What you are asked to do
Quote each line of the material verbatim, without the pictures.

Data extract
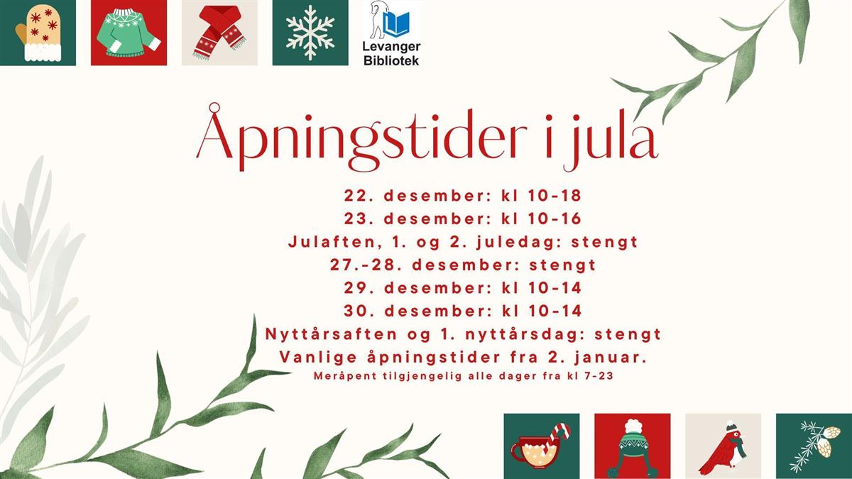 Åpningstider jula 2025Biblioteket har reduserte bemanna åpningstider i jula, men er tilgjengelig med meråpent-avtale. Publisert 10.12.2025 10:57 Sist endret 10.12.2025 10:58
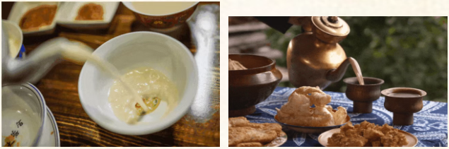 酥油茶是藏族人民日常生活中不可或缺的饮品,也是夏河美食文化的重要组成部分。它以酥油、茶叶和盐为主要原料,经过精心熬制而成。秋日晨风吹着草原凉意,喝一口热酥油茶,一口下去,暖意从舌尖蔓延到指尖,瞬间驱散了秋日微凉。
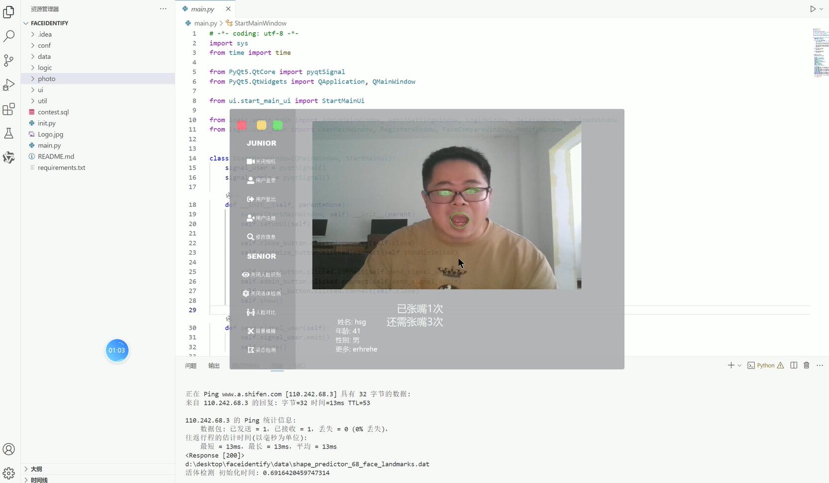 人脸识别功能:对于检测到的人脸,系统能够与预先录入的人脸数据库进行比对,识别出人脸对应的身份信息。

Answer to this problem
 Åpningstider jula 2025Biblioteket har reduserte bemanna åpningstider i jula, men er tilgjengelig med meråpent-avtale. Publisert 10.12.2025 10:57 Sist endret 10.12.2025 10:58
 酥油茶是藏族人民日常生活中不可或缺的饮品,也是夏河美食文化的重要组成部分。它以酥油、茶叶和盐为主要原料,经过精心熬制而成。秋日晨风吹着草原凉意,喝一口热酥油茶,一口下去,暖意从舌尖蔓延到指尖,瞬间驱散了秋日微凉。
 人脸识别功能:对于检测到的人脸,系统能够与预先录入的人脸数据库进行比对,识别出人脸对应的身份信息。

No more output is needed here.